Pont Neuf transformado por JR: a imponente caverna imersiva com som de Thomas Bangalter

JR transforma o Pont Neuf em uma caverna imersiva com som de Thomas Bangalter: homenagem a Christo e Jeanne-Claude de 6 a 28 de junho.

Pont Neuf transformado por JR: a imponente caverna imersiva com som de Thomas Bangalter

RESUMO ✦

Sem tempo? A Lili IA resume para você

Gerando resumo com IA...

Pont Neuf transformado por JR: a imponente caverna imersiva com som de Thomas Bangalter

Por Marco Severini — No centro histórico de Paris, um movimento artístico de grande vulto ocupa o mais antigo dos pontes da capital: o Pont Neuf será convertido numa imensa caverna imersiva assinada pelo artista JR. O projeto, documentado pela emissora Bfmtv, conjuga engenharia, artes plásticas e composição sonora numa operação que remete a um jogo de xadrez cultural, onde cada peça altera a perceção do espaço público.

A estrutura, construída em tela impressa para gerar um efeito trompe-l'oeil de rochas monumentais, cobrirá parcialmente o Pont Neuf entre os dias 6 e 28 de junho. Em essência, trata-se de um trabalho de grande escala que se propõe a dialogar com a memória urbana: é também uma homenagem explícita a Christo e Jeanne-Claude, que, há quatro décadas, envolveram o mesmo ponte em um gesto que redefiniu a cartografia simbólica da cidade.

Do ponto de vista técnico, a chamada "grotta" de JR é uma empreitada coletiva. Engenheiros, construtores e artistas coordenaram a montagem de um gigante de tecido insuflado: montanhas de 120 metros de comprimento, 20 metros de largura e até 18 metros de altura, erguidas por uma equipe de aproximadamente 800 pessoas. Para completar a ambientação multisensorial, o artista confiou a dimensão sonora a Thomas Bangalter, ex-membro do duo Daft Punk, cuja assinatura acústica pretende conferir à instalação uma presença quase tectônica no espaço público.

Prevista para atrair dezenas de milhares de visitantes, a caverna será acessível gratuitamente a partir de 6 de junho, de forma contínua — 24 horas por dia, sete dias por semana. O anúncio resgata, deliberadamente, a lembrança de setembro e outubro de 1985, quando Christo e Jeanne-Claude cobriram o Pont Neuf com 41.800 metros quadrados de tecido, ancorados por 13 quilômetros de cordas e 12 toneladas de cabos de aço, atraindo milhões de visitantes num fenómeno cultural de massa.

Enquanto analista de geopolítica cultural, observo que iniciativas desse tipo constroem e reconfiguram os alicerces simbólicos de uma cidade. O gesto de JR — escultórico, efêmero e sonoro — funciona como um movimento decisivo no tabuleiro urbano: redesenha fronteiras invisíveis entre património, circulação e experiência coletiva. É também um lembrete de que a diplomacia das cidades se faz, por vezes, com tecidos, som e inteligência logística, não apenas com discursos e tratados.

O projeto, em montagem no momento, marca mais um capítulo na continuidade entre intervenção pública e memória histórica.
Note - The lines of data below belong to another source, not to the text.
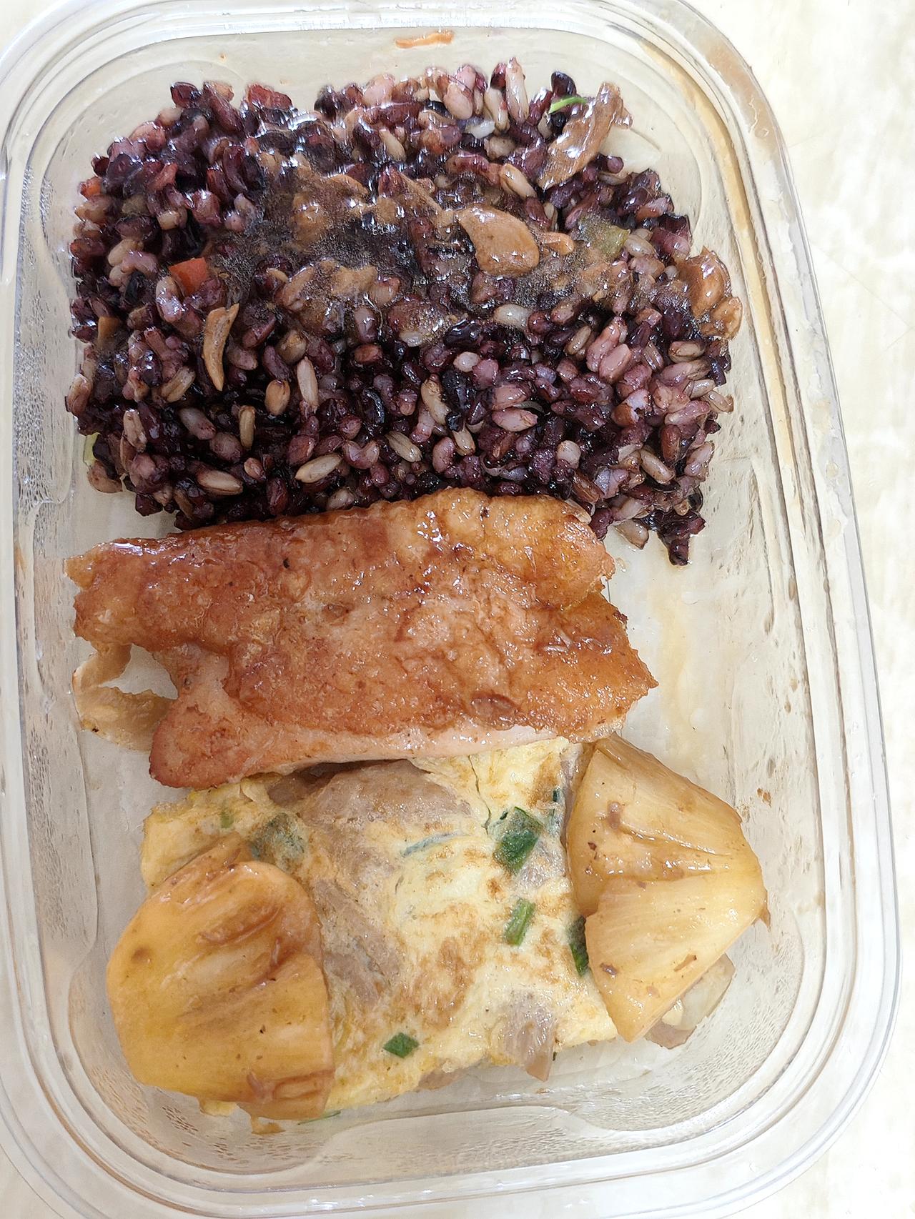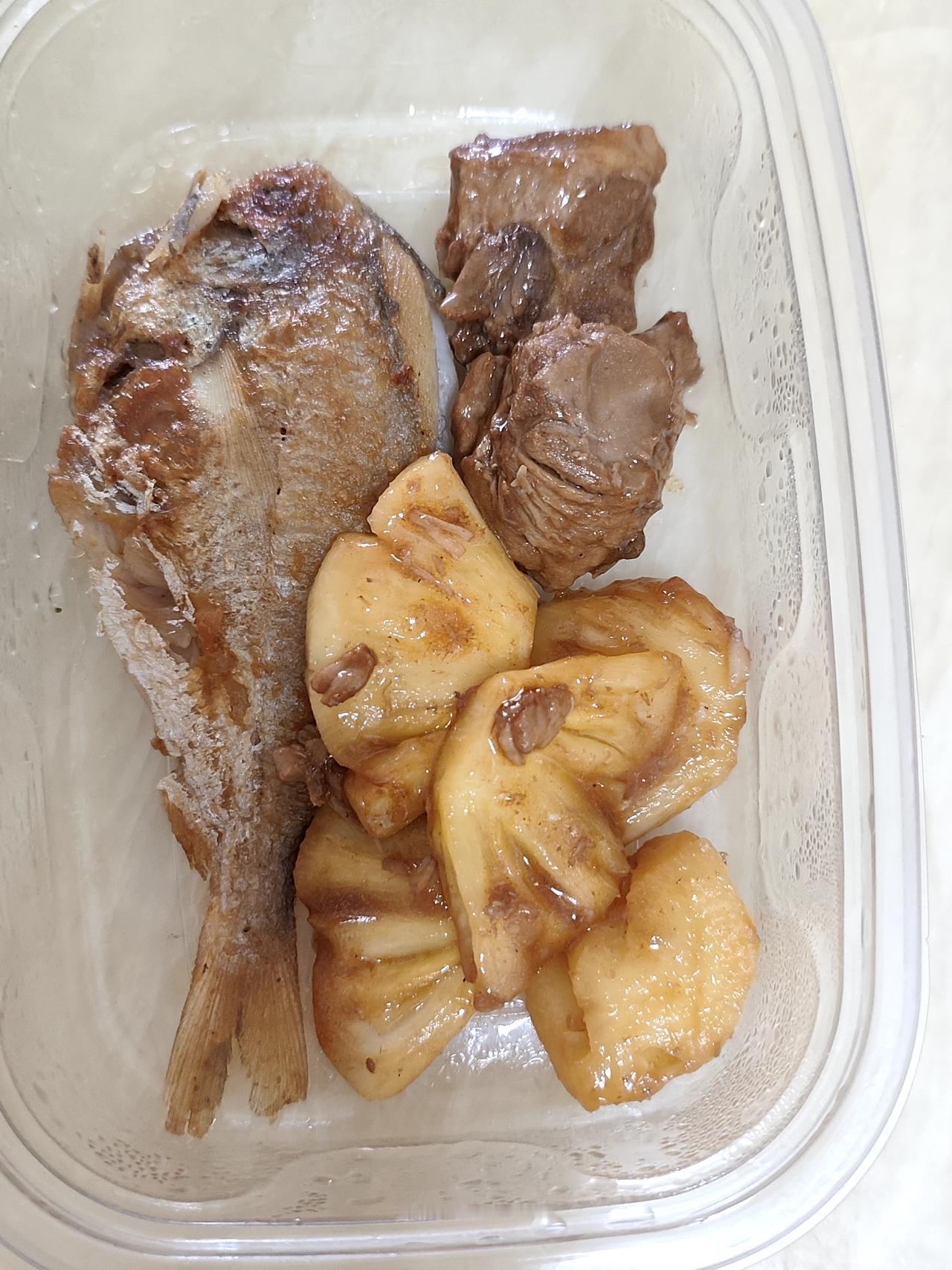 今天过来绿地缤纷城,听别人说有一家称重的自助餐新开张,我自己拿了三个盒子,看看有没有我喜欢的菜,我是想打包带回家吃的,我问清楚称重后是不是可以直接打包带走?店长说可以的,我就装了一盒炒荷兰豆,一盒瘦肉片炒西蓝花,一条煎鱼,一件菜脯煎鸡蛋,菠萝片焖鸭,三盒称重是60元,平均每盒是20元左右,店长说有免费的汤,糖水,粥,杂粮饭,我就装了一点杂粮饭。看看我带回家后拍的照片,60元就这么多了。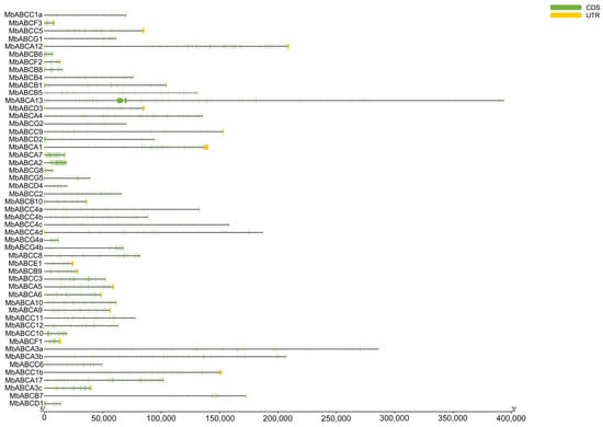 Gene structures analysis of MbABC proteins. Exons and UTR are denoted by green and yellow boxes.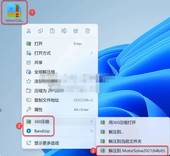 1.解压安装包:①鼠标右击【MotorSolve2021(64bit)】压缩包②选择电脑上安装的解压软件(如:360压缩)③点击【解压到MotorSolve2021(64bit)】。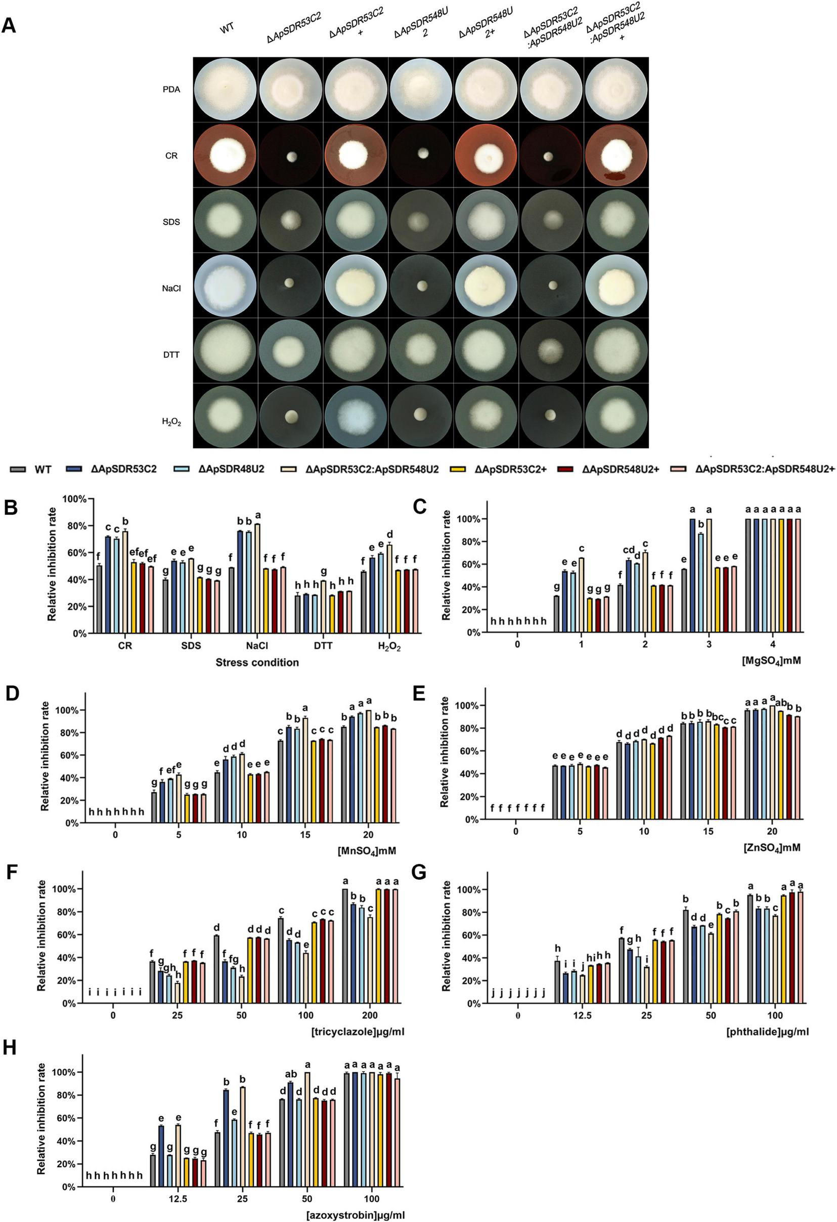 Differences among wild-type (WT), deletion mutant, and back mutant strains under different stresses. (A) Comparison of colony morphology and resistance of WT, deletion mutant, and backfill mutant strains. Note: Inoculation of WT, deletion mutants (ΔApSDR53C2, ΔApSDR548U2, and ΔApSDR53C2:ApSDR548U2), and back-complementary mutants (ΔApSDR53C2+, ΔApSDR548U2+, and ΔApSDR53C2:ApSDR548U2+) was carried out in PDA medium or PDA medium supplemented with various stressors for 5 days at 25°C. (B–H) Bar graphs showing WT, deletion mutant, and backfill mutant strains in the relative inhibition rates after 5 days of growth on PDA mediums supplemented with stress reagents (CR, SDS, NaCl, DTT, and H2O2), heavy metals (Mg2+, Mn2+, and Zn2+), and fungicides (tricyclazole, phthalide, and azoxystrobin). There are significant differences in the relative inhibition of different lowercase letters (p < 0.05).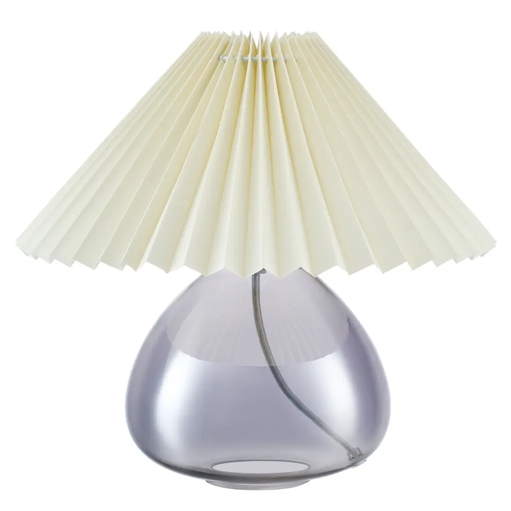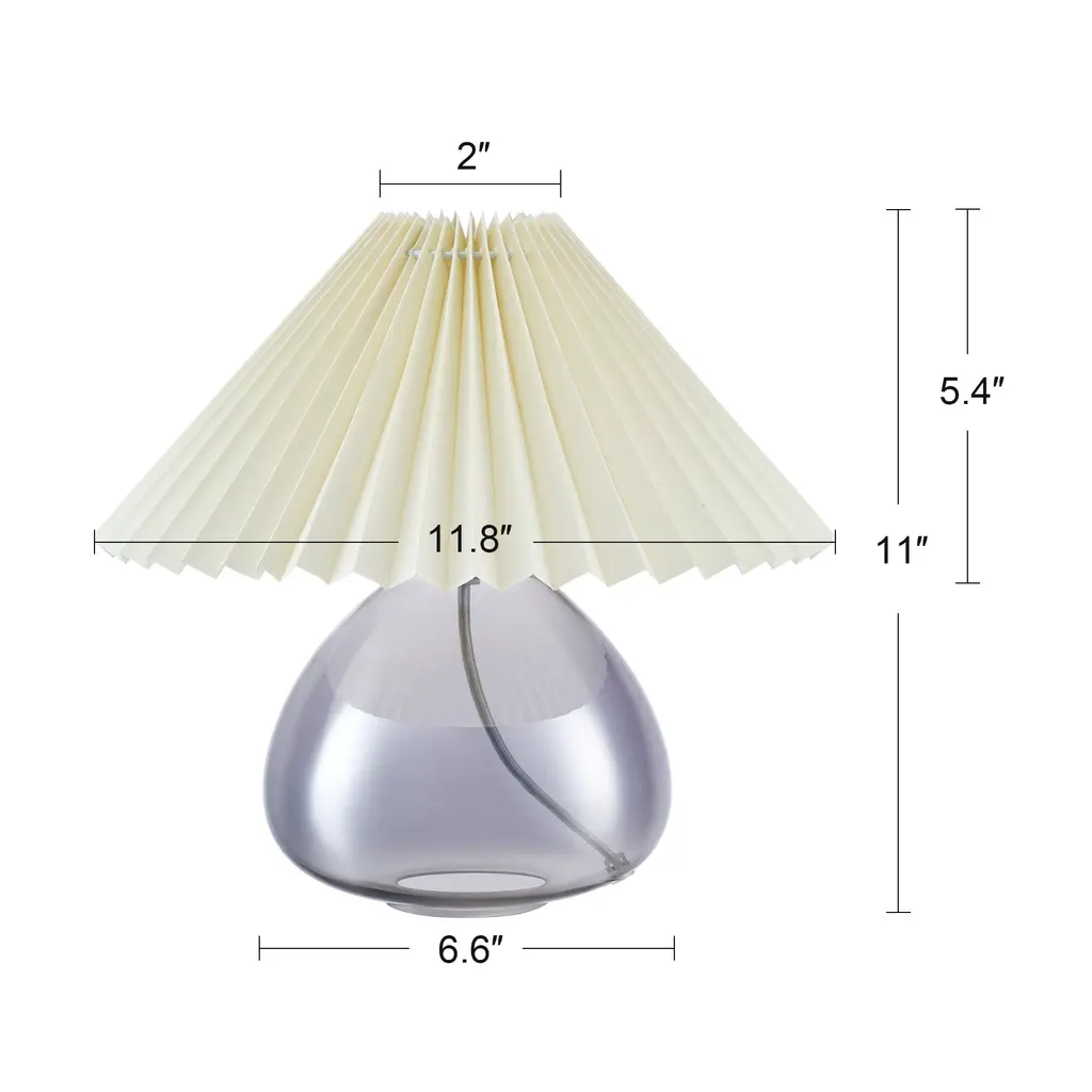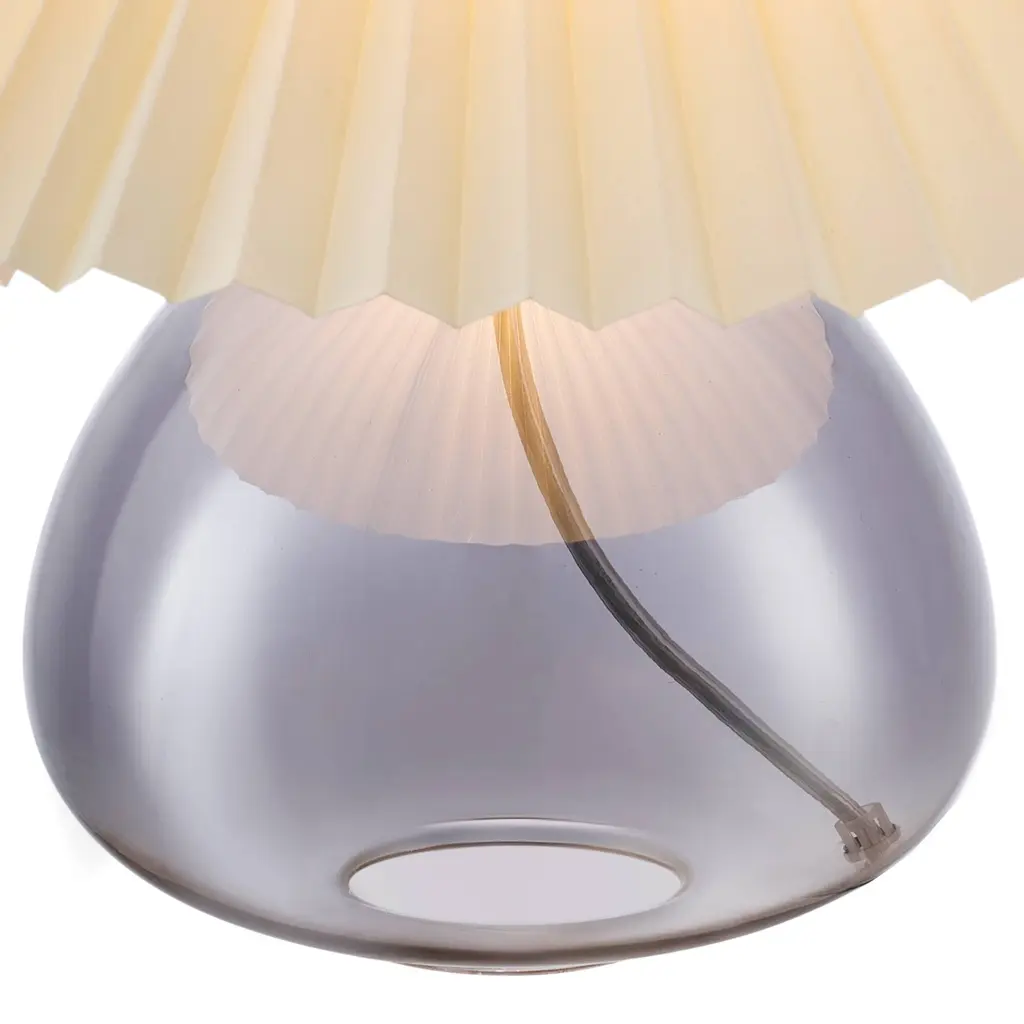 Minimalist blended with a sprinkle of chic vintage appeal, this table lamp is sure to shine as it rounds out a living room desk vignette or lends illumination to a nightstand. Contrasted by the pleated nylon shade sitting up top, the bell-shaped gold/grey glass base completes the aesthetic with an elegant glossy touch. Perfect when perched on your bedside table, work desk, or hallway console, our desk lamp will illuminate your way through late-night reading, meditating, and more.Features:Specifications: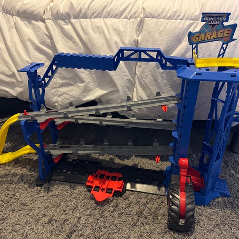Uudenveroinen ja ehjä Monster Jam Garage ”autotalli” monsteriautoille. Kuvassa olevat autot vain rekvisiittana, eivät kuulu kauppaan. Useampi hyppyri, hissi ja telineessä paikkoja noin 20:lle monsteriautolle. Uutena 70-90€. Vain haku.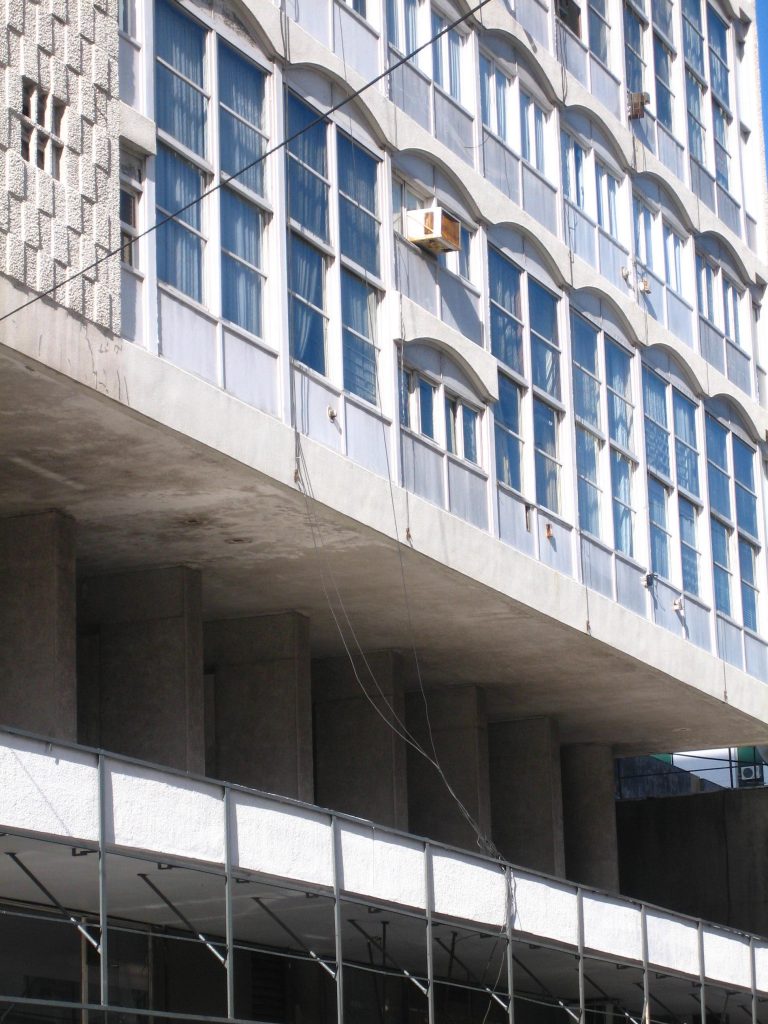 A shopping arcade is accessed by two streets and the Tower which houses the departments of housing in San Luis Street at number 1836.

Ao evocar a intervenção de 1985, a operação atual não apenas reencena um ícone, mas também coloca em evidência a tensão entre permanência e efemeridade, entre monumentalidade e acessibilidade — peças essenciais na tectônica de poder cultural de Paris.

Para quem acompanhar de perto, trata-se de uma oportunidade rara de testemunhar como arte, engenharia e som podem combinar-se para transformar um dos alicerces urbanos em um teatro de percepção. A expectativa é de um afluxo expressivo de público e de ampla repercussão internacional.